A method for consolidating sand around a well, involving injecting hot water or steam through well casing perforations in to create a cement-like area around the perforation of sufficient rigidity to prevent sand from flowing into and obstructing the well. The cement area has several wormholes that provide fluid passageways between the well and the formation, while still inhibiting sand inflow.

Description

Priority is claimed and is a continuation of Ser. No. 09/413,092 filed Oct. 5, 1999, now abn. and from U.S. Provisional Patent Application No. 60/103,181, filed on Oct. 5, 1998, incorporated herein by reference.
This invention was made with Government support under DE-FC22-95BC14939 awarded by the Department of Energy. The Government has certain rights in this invention.
BACKGROUND OF THE INVENTION
This invention relates generally to methods for constructing wells, and, more particularly, to a method for completing a well in a sub-surface geologic formation with unconsolidated sands.
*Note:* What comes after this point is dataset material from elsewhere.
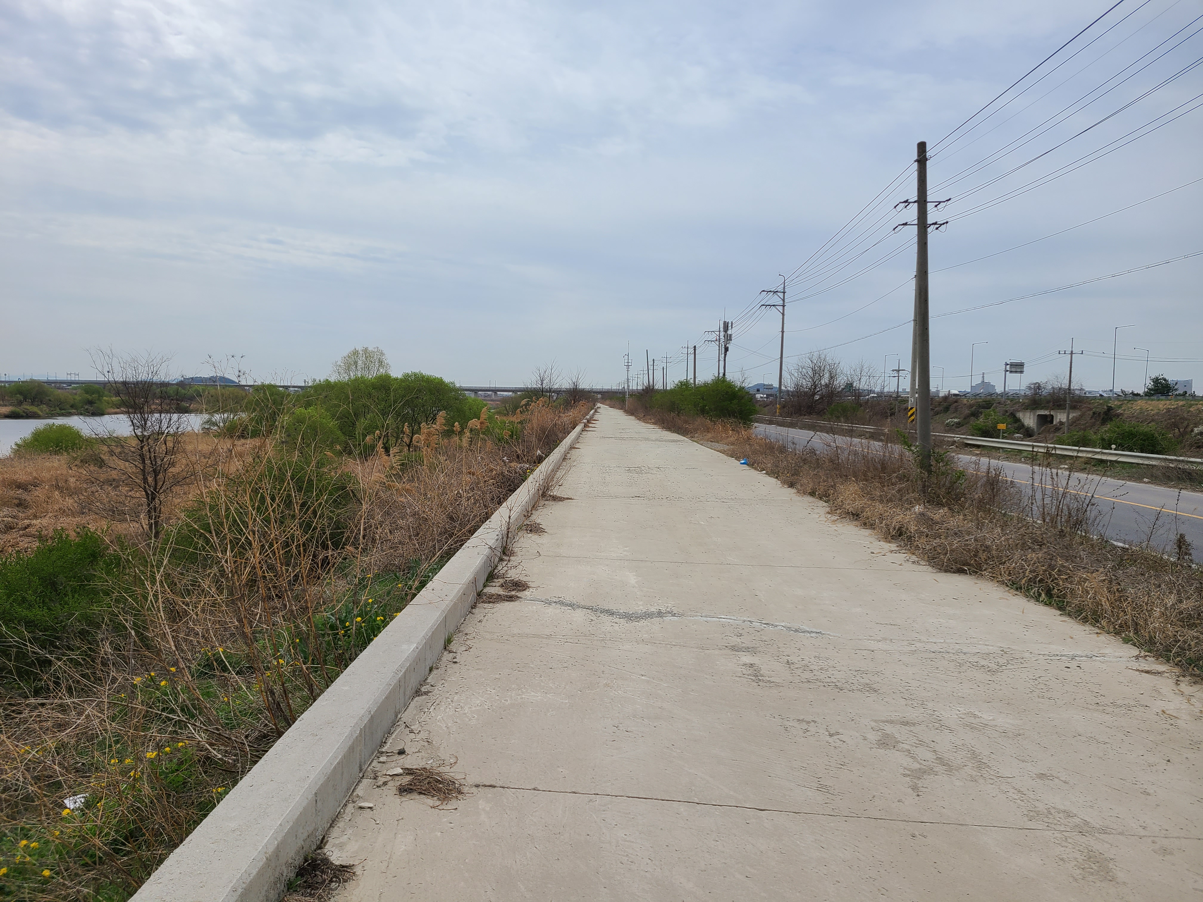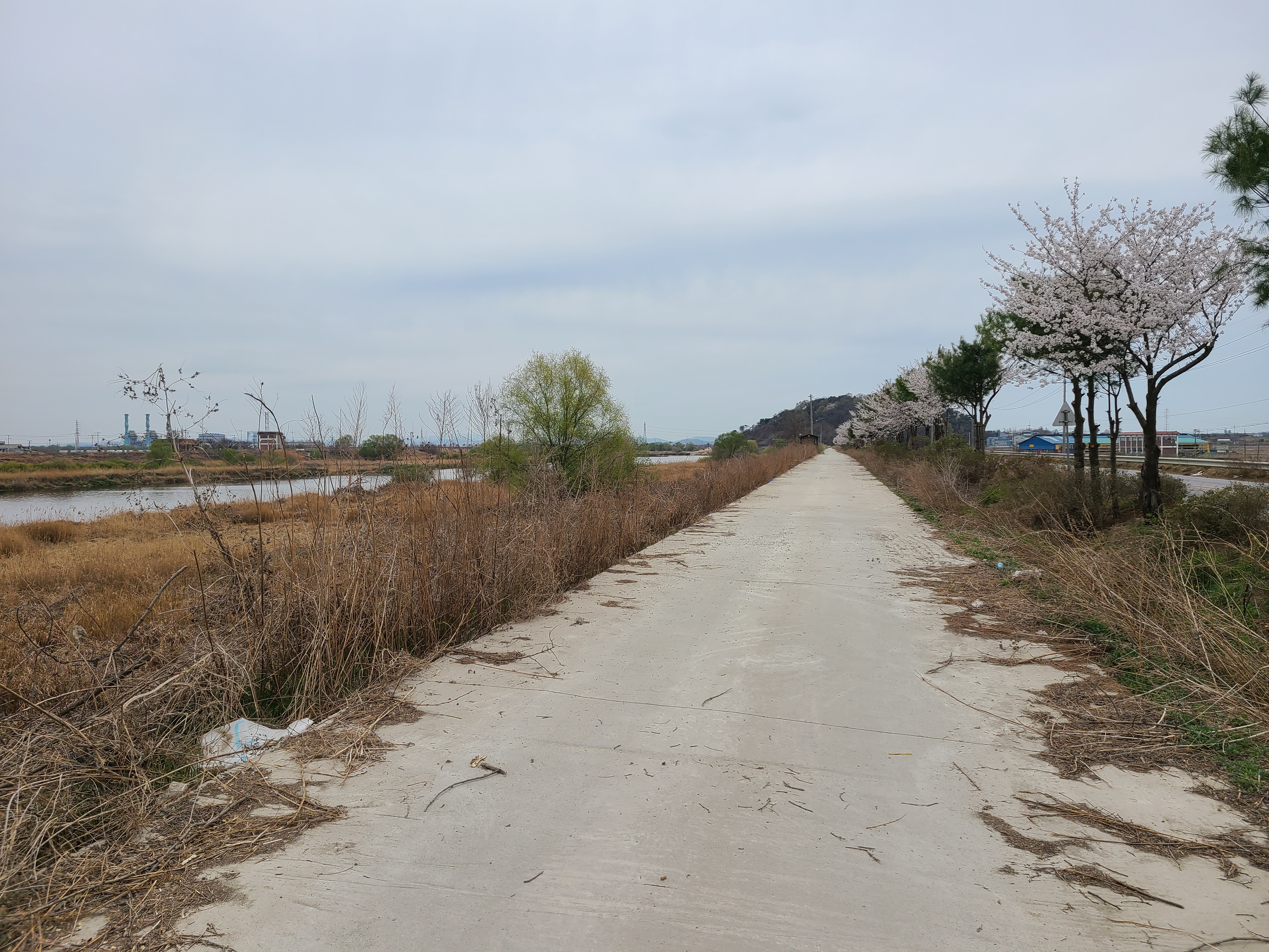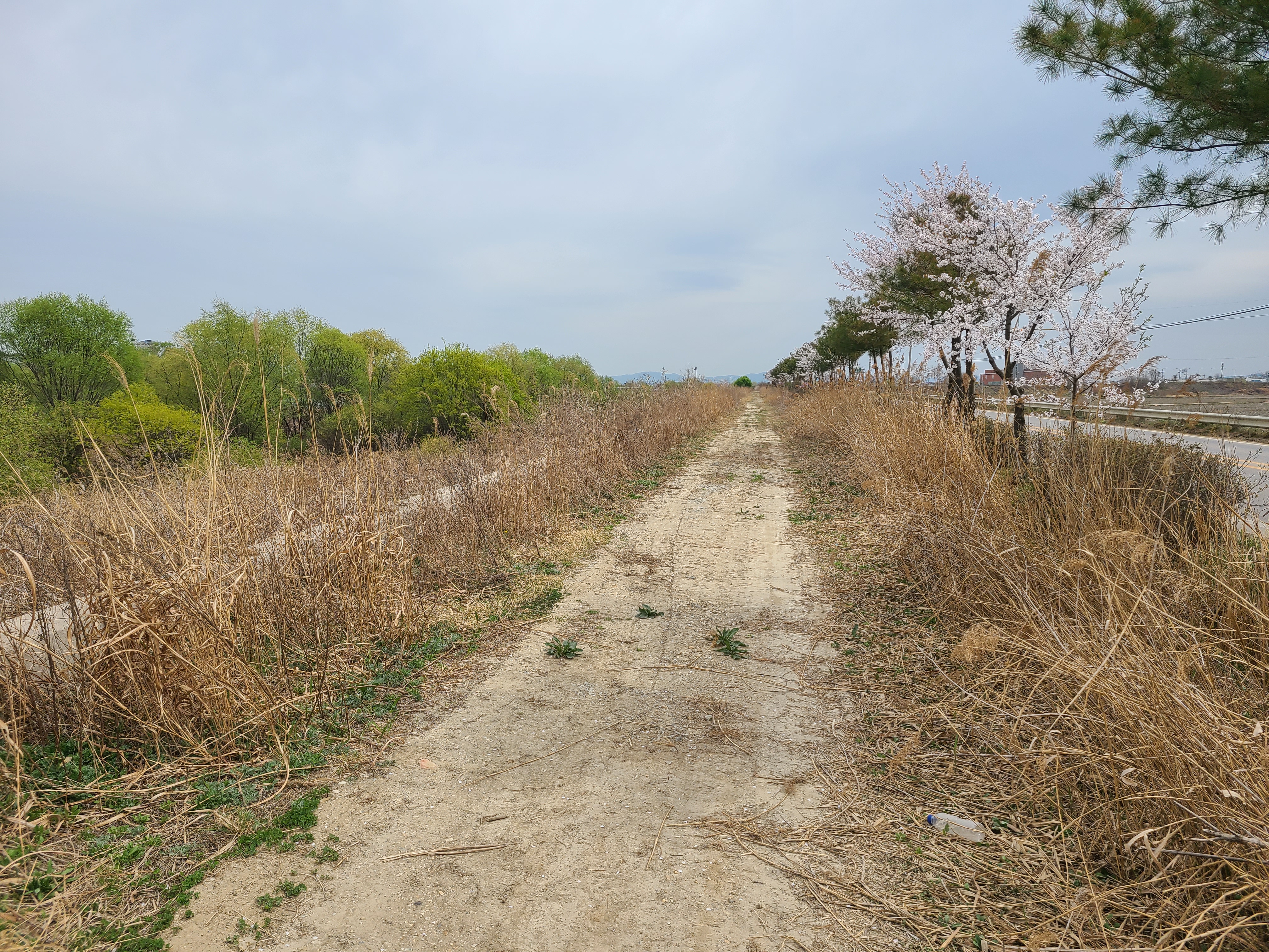 벗나무와 소나무가 섞여 있는 가로수길을 걸어 낚시허용구역의 삼거리에서 자동차길의 우측길로 길을 잡고 가다 건널목이 있는 지점에서 자동차길을 건너 다시 강변길로 접어들고 안화교에 도착하여 공사구역을 어렵게 통과하면 낚시허용구역이 끝 나는 지점에 도착하면 우측 멀리에 농협연합장례식장이 보이고 둑길은 잡풀로 얽혀 진행을 방해하고 잡풀을 헤치며 진행하여 장레식장의 뒤쪽에 도착하면 장례식장의 초록 담장에 쪽문이 있어 쪽문으로 들어가 경내로 진입하여 장례식장을 빠져나오면 버스정거장에 도착하는데 창네리 방향 정류장이라 길 건너 버스정류장으로 이동 98번버스를 타고 평택역까지 이동 하여 오늘의 일정을 마무리한다.

Priority is claimed from U.S. Application Ser. No. 09/413,092, filed Oct. 5, 1999, which in turn claims priority from U.S. Provisional patent application Ser. No. 60/103,181, filed on Oct. 5, 1998, incorporated herein by reference.
Methods and apparatus for drilling wells have been in use for many years in a variety of industries, including in the oil production industry. In the oil production industry, wells are constructed downward into sub-surface geologic formations of sand for purposes of withdrawing reservoir fluids (oil, water, gas or the like) or for injecting steam into the formation to heat oil in the formation, which is then more easily withdrawn through an adjacent well. The methods and apparatus vary according to the types of sub-surface geologic formations through which the well passes.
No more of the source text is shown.